Journal of Financial Economics 1984 13(1), 3-34
In this paper we examine the ex-dividend day returns of several taxable and non-taxable distributions. The ex-dividend day returns for the taxable common stocks are consistent with the hypothesis that dividends are taxed more heavily than capital gains. However, the ex-dividend day returns of preferred stocks suggest that preferred dividends are taxed at a lower rate than capital gains; non-taxable stock dividends and splits are priced on ex-dividend days as if they are fully taxable; and non-taxable cash distributions are priced as if investors receive a tax rebate with them. We also find that each of these distributions exhibits abnormal return behavior for several days surrounding the ex-dividend day. We investigate several possible explanations for this anomaly, but none is capable of explaining the phenomenon.

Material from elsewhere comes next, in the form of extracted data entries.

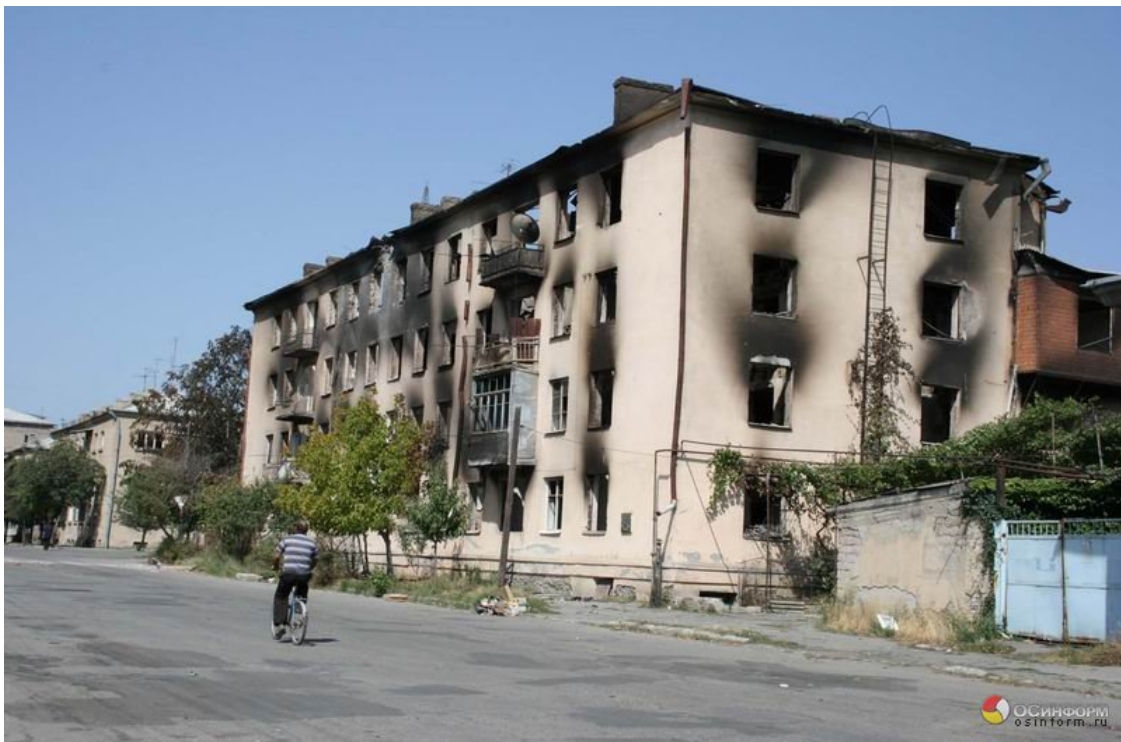
Slika 5: Stanovanjska hiša v Tsinhvaliju, po gruzijskem bombardiranju 197 .

točk, s katerim bi se končali boji med gruzijskimi enotami na eni strani in rusko-osetijskimi ter abhazijskimi enotami na drugi strani. Čeprav je premirje bilo podpisano že isti dan, so boji trajali še do 16. avgusta 194 . Plan so nato podpisali predsedniki Gruzije Mihail Sakašvili, Rusije Dmitri Medvedev, Južne Osetije Eduard Kokoiti in Abhazije Sergej Bagapš. Iz Južne Osetije je bilo v Severno Osetijo prisiljeno pobegniti cca. 30.000 civilistov, oblasti v Tsinhvaliju pa so potrdile še 365 civilnih žrtev v vojni. V vojni je življenje izgubilo 250 vojakov Južne Osetije, 15 je bilo pogrešanih, 500 pa jih je bilo ranjenih, medtem ko je ruska armada priznala 49 žrtev, 10 pogrešanih vojakov in 265 ranjenih 195 . Rezultat vojne je neodvisnost Južne Osetije in Abhazije. Prva jo je priznala Rusija 26. avgusta 2008 196 , sledile pa so ji še Nikaragva, Venezuela in mali pacifiški otok Nauru.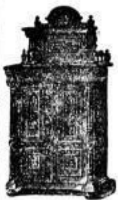
Vertikos von 30 Mark an

Dresden, König-Johann-Strasse Nr. 15, I.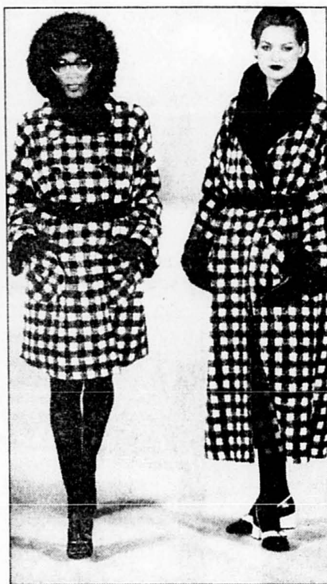
Variation de styles avec du pied-de-poule géant.

Célébrez l'ouverture de notre nouveau magasin LAURA Place Ville-Marie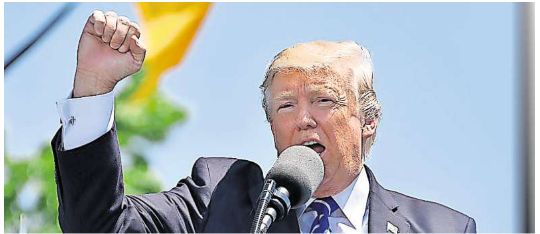
Donald Trump wurde am 20. Januar als 47. Präsident der Vereinigten Staaten von Amerika vereidigt.

dabei, das zu organisieren“, erklärte Trump vor einer Woche in Florida. Die Aussagen stoßen in der Ukraine überwiegend auf Skepsis. Kiew befürchtet, dass Trump einen für die Ukraine ungünstigen Deal mit Moskau anstreben könnte, der möglicherweise territoriale Zugeständnisse oder eine Schwächung der westlichen Unterstützung beinhaltet. Viele Experten und Politiker weltweit diskutieren nun, ob Trumps Ansatz tatsächlich zu einem raschen Ende des Ukrainekriegs führen könnte oder ob seine angekündigte Strategie den Konflikt möglicherweise verschärfen wird.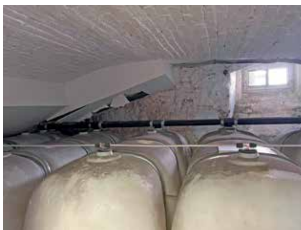
Die alten Öl-Tanks im Kindergarten St. Michael sind bald Geschichte. Im Sommer werden die Heizungsanlagen in Kürnberg und St. Michael auf neue und klimafreundlichere Beine gestellt.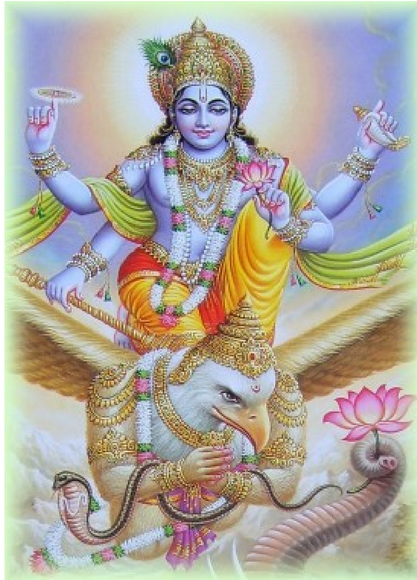
Višnu letící na orlu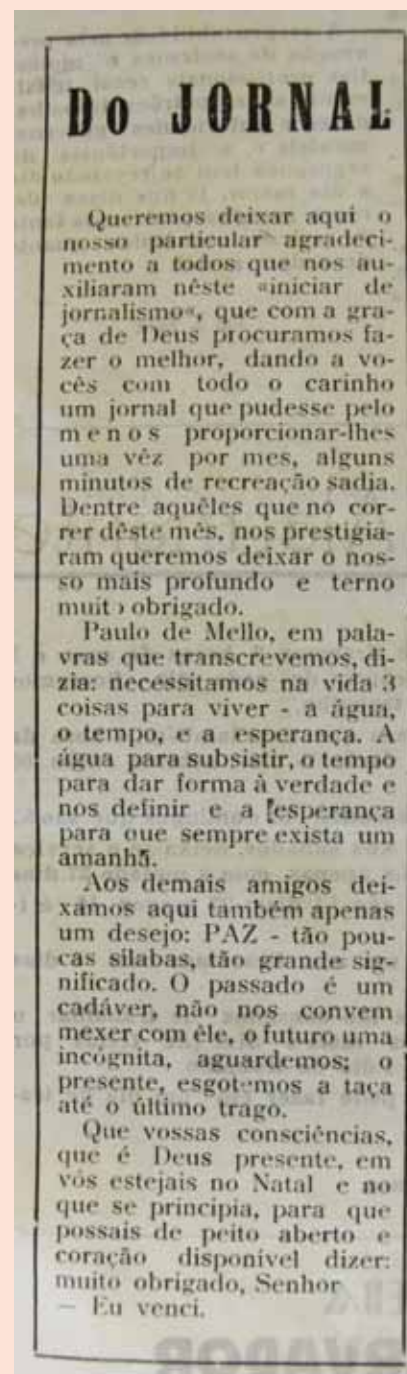
Reprodução do texto de agradecimento da primeira edição do jornal Observador, de dezembro de 1970

os funcionários das quatro unidades produtoras do grupo, além de fornecedores, parceiros e órgãos públicos. O jornal também pode ser visto e baixado no site da empresa, www.pedraagroindustrial.com.br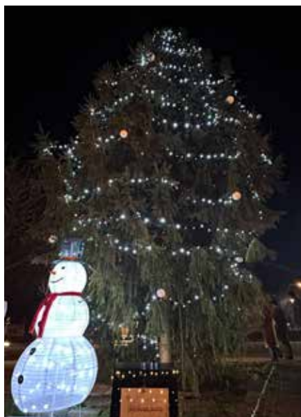
Rozsvícení vánočního stroměčku

The effect of capital structure on a firm's liquidation decision

Journal of Financial Economics 1984 13(1), 137-151
A firm's liquidation can impose costs on its customers, workers, and suppliers. An agency relationship between these individuals and the firm exists in that the liquidation decision controlled by the firm (as the agent) affects other individuals (the customers, workers, and suppliers as principals). The analysis in this paper suggests that capital structure can control the incentive/conflict problem of this relationship by serving as a pre-positioning or bonding mechanism. Appropriate selection of capital structure assures that incentives are aligned so that the firm implements the ex-ante value-maximizing liquidation policy.

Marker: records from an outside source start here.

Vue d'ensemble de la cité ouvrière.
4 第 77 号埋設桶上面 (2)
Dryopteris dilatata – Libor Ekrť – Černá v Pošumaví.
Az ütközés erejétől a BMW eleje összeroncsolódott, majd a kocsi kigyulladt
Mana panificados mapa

Arbitrage pricing, transaction costs and taxation of capital gains

Journal of Financial Economics 1984 13(3), 337-351
This paper examines one of the few cases of seemingly redundant securities: sets of three government bonds with the same maturity date. Within the bounds on relative bond prices established by tax-exempt investors in a market with proportional transaction costs, the taxation of capital gains on the basis of realization has a significant impact on relative prices. The empirical evidence supports the tax option effect discussed by Constantinides and Ingersoll, but does not generally support the segmented tax-clientele equilibrium discussed by Schaefer.

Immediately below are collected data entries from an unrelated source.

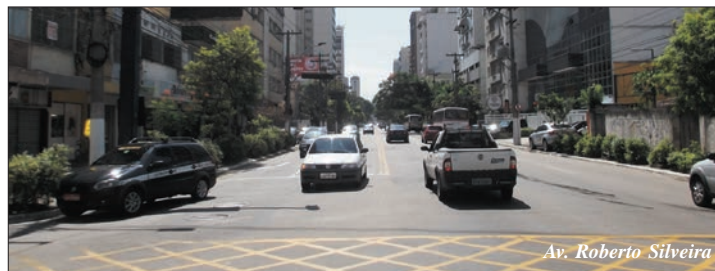
Av. Roberto Silveira

A primeira fase do Plano de Transporte da Prefeitura de Niterói, elaborado pela Nittrans, visa a diminuição no tempo de percurso entre o Largo da Batalha e o Centro, proporcionando aos moradores de Pendotiba, São Francisco, Icaraí e outros bairros um transporte público de qualidade. Vários pontos do percurso estão sendo preparados, com obras e adequações viárias, para viabilizar a implantação do Plano, principalmente a avenida Rui Barbosa,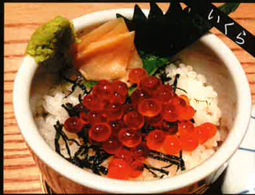
《762》ミニ いくら丼 salmon roe mini bowl 199 B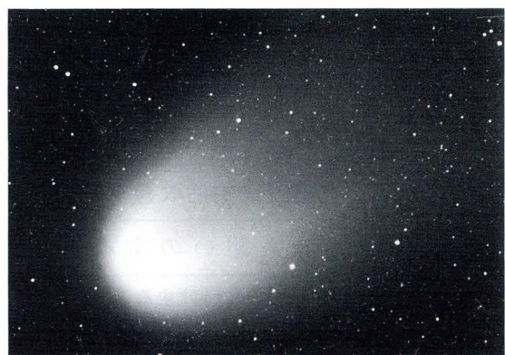
2月12日 反射望遠鏡で撮影

ヘール・ポップすい星が再び地球に近づくのは2540年後になります。この歴史的な天文ショーをぜひご覧ください。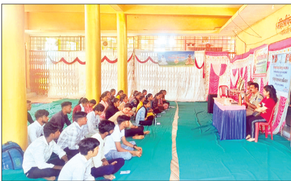
दौरान थाना प्रभारी द्वारा छात्र-छात्राओं को समाज में व्याप्त आठ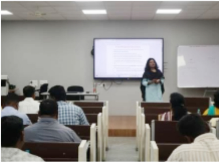
Balbharti Pune, Refresher Batch (20 Feb to 24 Feb)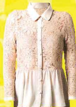
www.azorias.com 蕾丝恤衫, RM139

cape: FBLOCK , RM59; necklace: H&M , RM79.90; pants: FBLOCK , RM59.90; bangle: FBLOCK , RM19; belt: FBLOCK , RM13; shoes: FBLOCK , RM93

The information in the term structure

Journal of Financial Economics 1984 13(4), 509-528
This paper presents a regression approach to measuring the information in forward interest rates about time varying premiums and future spot interest rates. Like earlier work, the regressions identify variation in the expected premiums on longer-maturity Treasury bills. The more novel evidence concerns the forecasts of future spot rates in forward rates. The regressions provide evidence that the one-month forward rate has power to predict the spot rate one month ahead. During periods preceding 1974, forward rates have reliable forecast power for one-month spot rates up to five months in the future.